Fake Apologies For Holding Up Elevators Must Stop
I have a special fondness for Elevators. I spent a lot of time in High School working out of Otis Elevator, who generously sponsored my school’s FIRST Robotics team. I’d get to talk to the engineers, use their awesome tools, and will never forget the constant noise of their testing machinery. Elevators are great (as long as there isn’t too much elevator traffic), and I use them almost every day living in New York City.
Because I use elevators so often, I’ve keenly observed many patterns that passengers adhere to. About once a week I’ll step onto an elevator, the door will close, and then instead of going up the door suddenly opens again. This happens when the button is pressed from the outside before the elevator has a chance to go up. Theoretically this could happen by mistake, where the person pressing the button arrived just into the lobby just after the last person stepped into the elevator. In this case the person pressing the button would not know that their actions would cause the elevator doors to reopen and to delay all the other passengers.
However, I know the lobby of the buildings that I use elevators in very well, and I’ve gotten to know a lot of the faces of the other passengers. Logistically speaking, after entering the building lobby and walking over to the elevator, it is impossible to not be aware of an elevator whose doors have just closed but has yet to rise - at least for the elevators I use. Therefore, whoever presses the button at that stage knows full well the ramifications of their actions. They are willing to delay all the other passengers in order for them to catch this elevator, instead of the next one.

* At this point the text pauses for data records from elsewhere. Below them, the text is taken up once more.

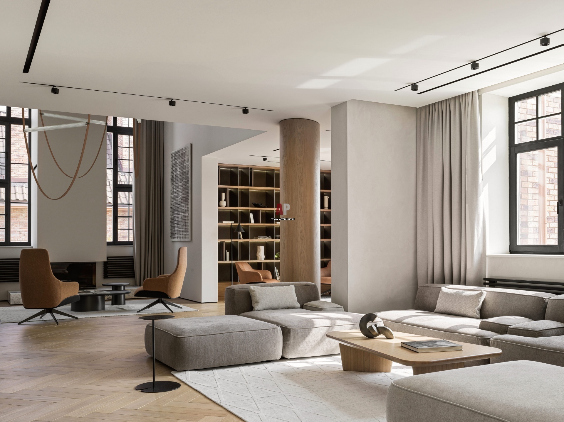 Общая гостиная с камином и библиотекой. Диваны, Lema. Придиванный журнальный столик и библиотека, на заказ, по эскизам дизайнеров. Кресла и столики у камина, Molteni &C. Светильники, Flos.
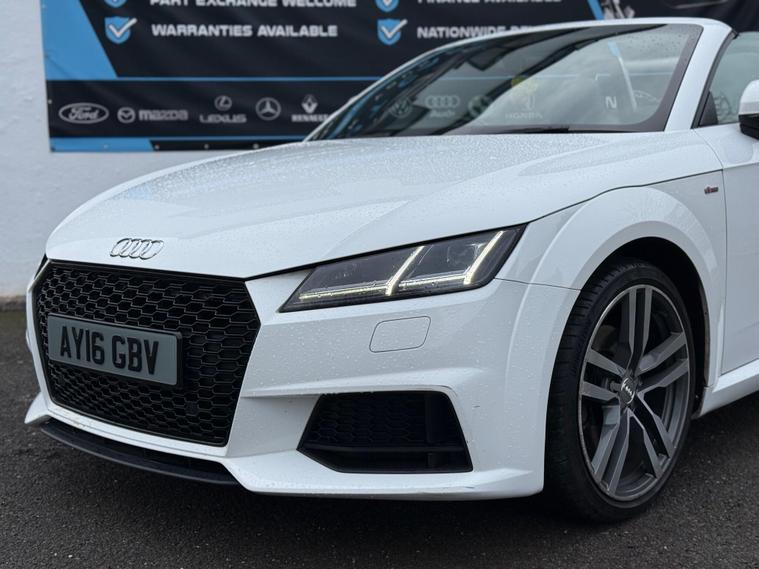 This 2016 Audi TT TDI S line offers an exceptional blend of performance and efficiency, making it a standout choice. Powered by a 2.0 litre diesel engine, this Euro 6 compliant model delivers an impressive 0-60mph time of just 7.0 seconds. The S line trim ensures a premium experience, complemented by features such as LED headlights with automatic activation, air conditioning for your comfort, and Bluetooth connectivity for seamless audio streaming and mobile phone integration.This Audi TT is designed to impress with its remarkable fuel economy, achieving a highlight of 59 miles per gallon, which is significantly better than many other vehicles in its class. Furthermore, its low CO2 emissions contribute to a more environmentally conscious drive. You'll also appreciate the generous boot space, offering practicality for your everyday needs and journeys..
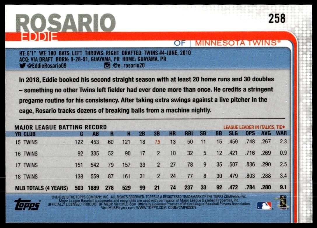 This BaseballΒ card, from 2019 is part of the Topps On Demand 3DΒ card set. Eddie Rosario is featured and has a card number of 258.
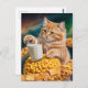 Cute Ginger Cat With Milk in Space Postkarte

The perpetrators of such a rude act are almost always office regulars who don’t seem to be in any real rush to get back to their desk. When the doors open they almost always look down and mutter something along the lines of “sorry” in a soft and sheepish tone as if to convey that this were all some sort of accident. However, these people are certainly not sorry. They knew exactly what they were doing, and simply think their time is worth more than all the other people they would be delaying by doing what they did. Obviously I’d prefer that elevators disabled this to occur in the first place, or that people refrained from doing this except in actual emergencies. However until those things happen, the least that people can do is not lie to an elevator full of people telling them you are sorry, when in fact you are simply embarrassed at your own selfishness.